Pub Date: May 9th, 2017
ISBN: 978-1-78074-939-6
Publisher: Rock the Boat/Oneworld

Donohoe’s title character is a modern addition to tragic white butches of the past in this bleak debut set in 1980s England.

Birdy has a lot to deal with. Trouble with neighborhood kids. Casual racism amid conflict with the Irish Republican Army and in the Falklands. A crush on a teacher ending in attempted sexual assault. Her conscience haunted by her failure to prevent the brutal murder of the family’s cat. Squeamish readers who want to move past memories of the black-and-white pet cannot, with her family hoping she comes home even as her blood is literally on Birdy’s clothes.
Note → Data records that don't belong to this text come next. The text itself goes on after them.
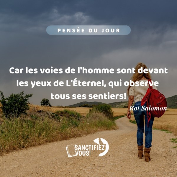 Car les voies de l'homme sont devant les yeux de L'Éternel, qui observe tous ses sentiers. Roi SalomonPanse jounen an 🧠Senyè a wè tout sa w'ap fè. Kote ou pase, je L' sou ou. Wa Salomon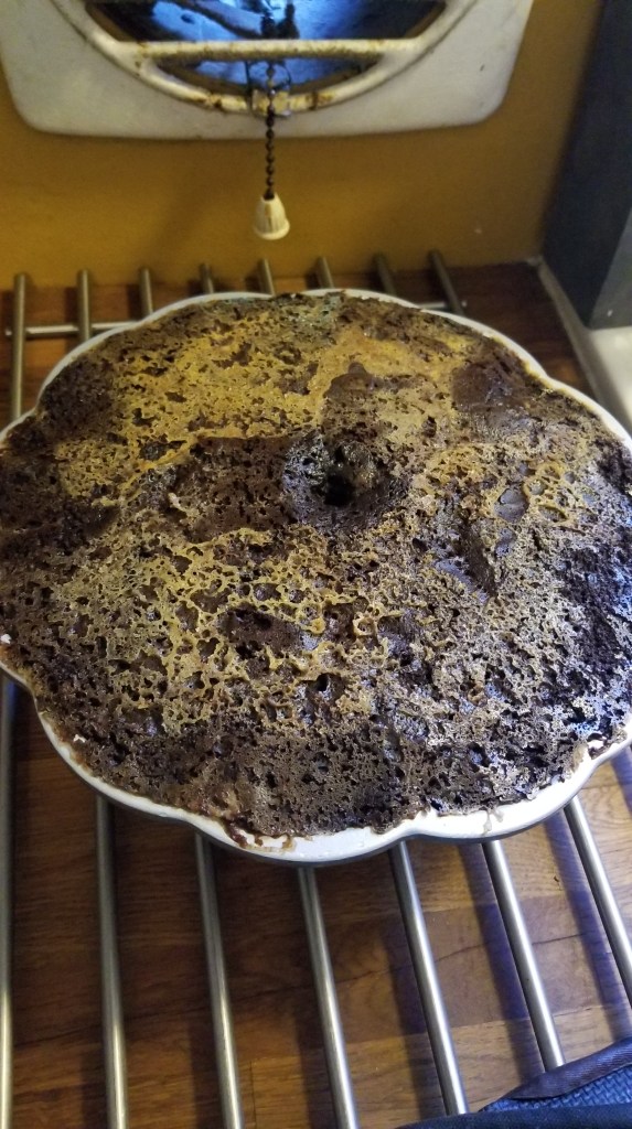 You’re cooking this bubbling monstrosity until it turns “amber colored”. Don’t walk away. And have your pie tin handy and at least room temp. You may want to put it in the oven for a minute or two if your house is as cold as mine (65°F in the kitchen!).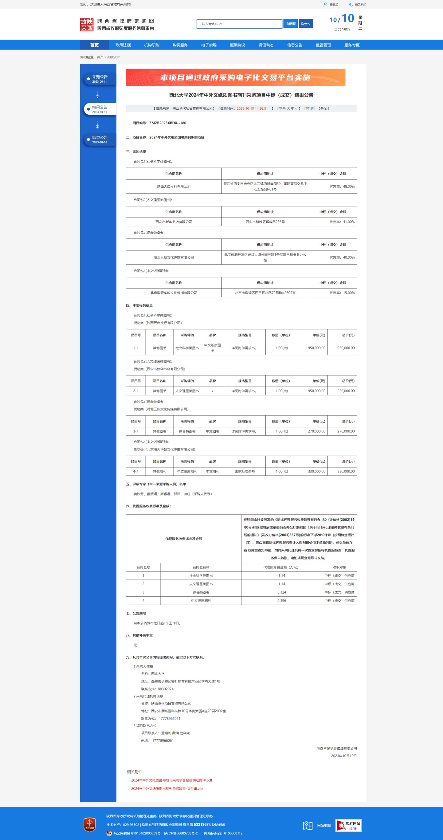 星空app官网2024年中外文纸质图书期刊采购项目中标(成交)结果公告 作者: 编辑:采购与招标办公室 时间:2023-10-10 原公告链接:http://www.ccgp-shaanxi.gov.cn/freecms/site/shaanxi/ggxx/info/2023/8a69c0d48b09a0fd018b183eb8b4195d.html?noticeType=001006¬iceId=f7404a69-673a-11ee-9a8e-08c0eb20c666

The world seems confusing and murky from Birdy’s perspective, mimicking her necessary dissociation from assorted traumas—most of which are persistent tropes in stories about gender-nonconforming youth. Readers are left wondering if Birdy finds a clearer sense of self; she enjoys being taken for a boy but resents harassment from peers about getting a “sex change.” Labels aren’t always the answer, but this ambiguity precludes a more powerful resolution. Birdy experiences gender dysphoria, but readers can only speculate if that would ease with medical transition, with community among masculine women, or some other path. While her story ends with support and hope for the future, it’s unclear what that future will be.

Reminiscent of older lesbian fiction, this novel will satisfy readers with a taste for queer angst—but they really need to want it.